Skip to content

Latest commit

 

History

History
280 lines (199 loc) · 11.1 KB

quick-start-with-docker.md

File metadata and controls

280 lines (199 loc) · 11.1 KB

Quick Start with Docker

To try PostgresML on your system for the first time, Docker is a great tool to get you started quicky. We've prepared a Docker image that comes with the latest version of PostgresML and all of its dependencies. If you have Nvidia GPUs on your machine, you'll also be able to use GPU acceleration.

!!! tip

If you're looking to get started with PostgresML as quickly as possible, sign up for our free serverless cloud.

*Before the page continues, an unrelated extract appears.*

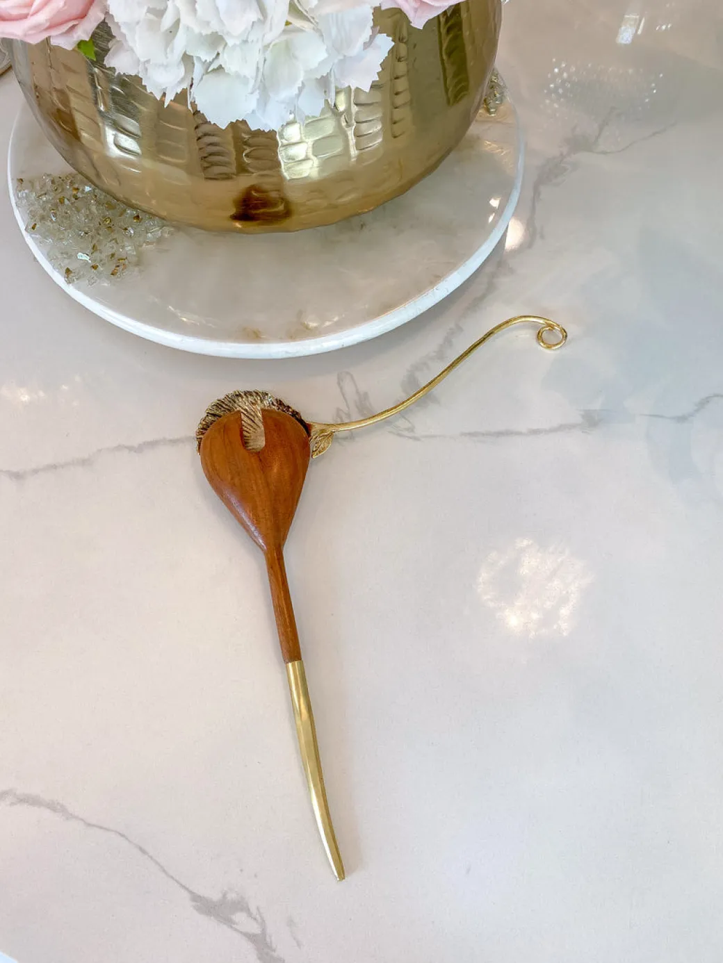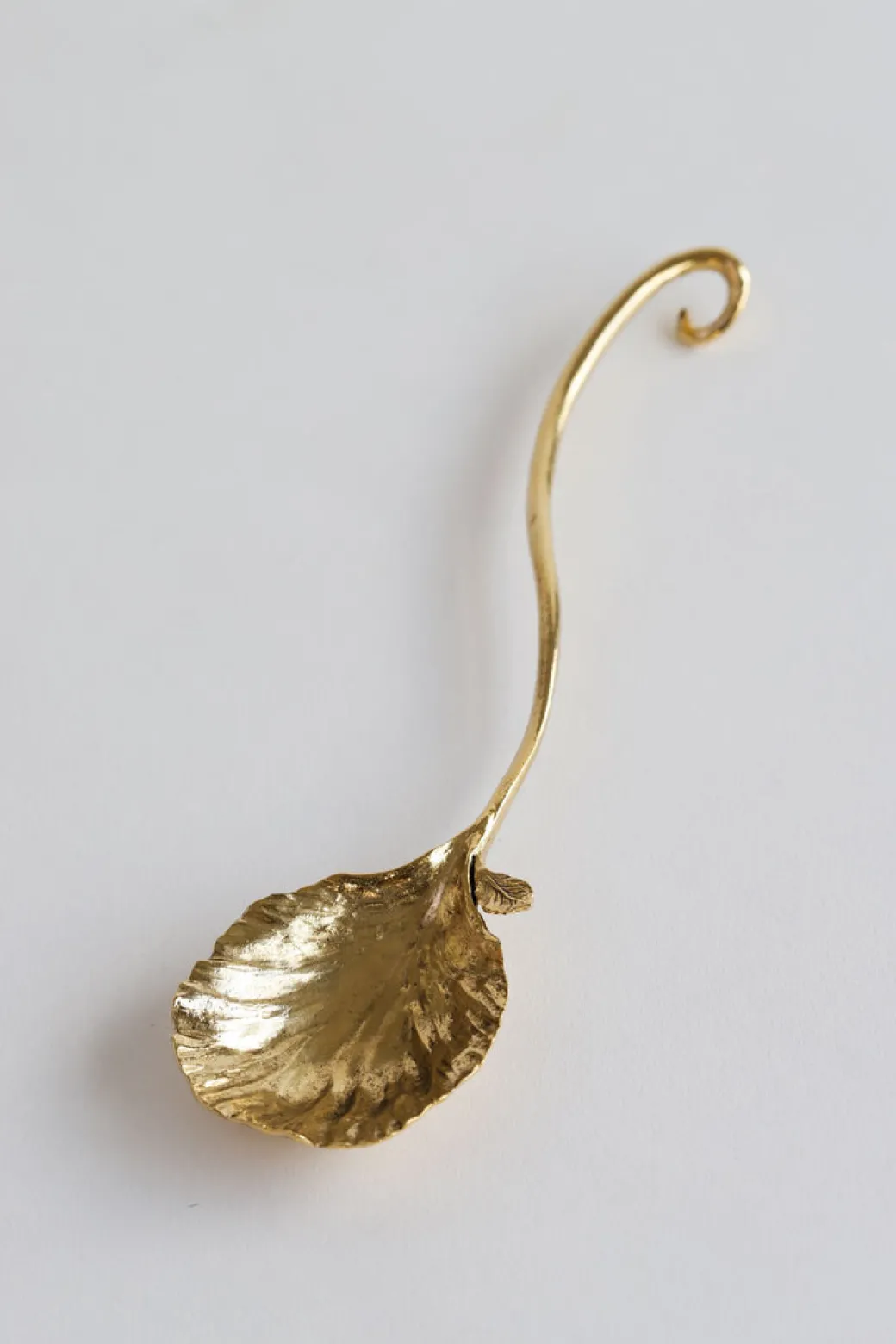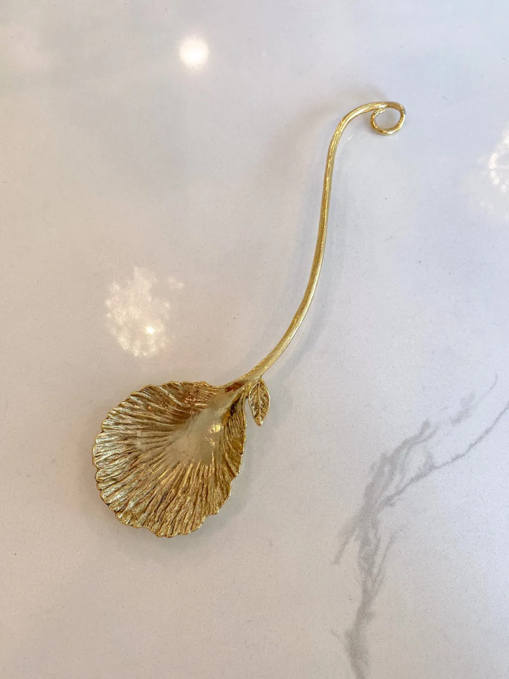 Description: Highlight any dish with this elegant spoon. This stylish organic spoon is plated in 24k gold, the end is designed as a flower petal with a small leaf poking out the side. The handle swirls upwards, making serving a dish stylish and easy!

You'll get a database in seconds, and will be able to use all the latest Hugging Face models on modern GPUs.

!!!

Get Started

=== "macOS"

docker run \
    -it \
    -v postgresml_data:/var/lib/postgresql \
    -p 5433:5432 \
    -p 8000:8000 \
    ghcr.io/postgresml/postgresml:2.7.3 \
    sudo -u postgresml psql -d postgresml

=== "Linux with GPUs"

Make sure you have Cuda, the Cuda container toolkit, and matching graphics drivers installed. You can install everything from Nvidia.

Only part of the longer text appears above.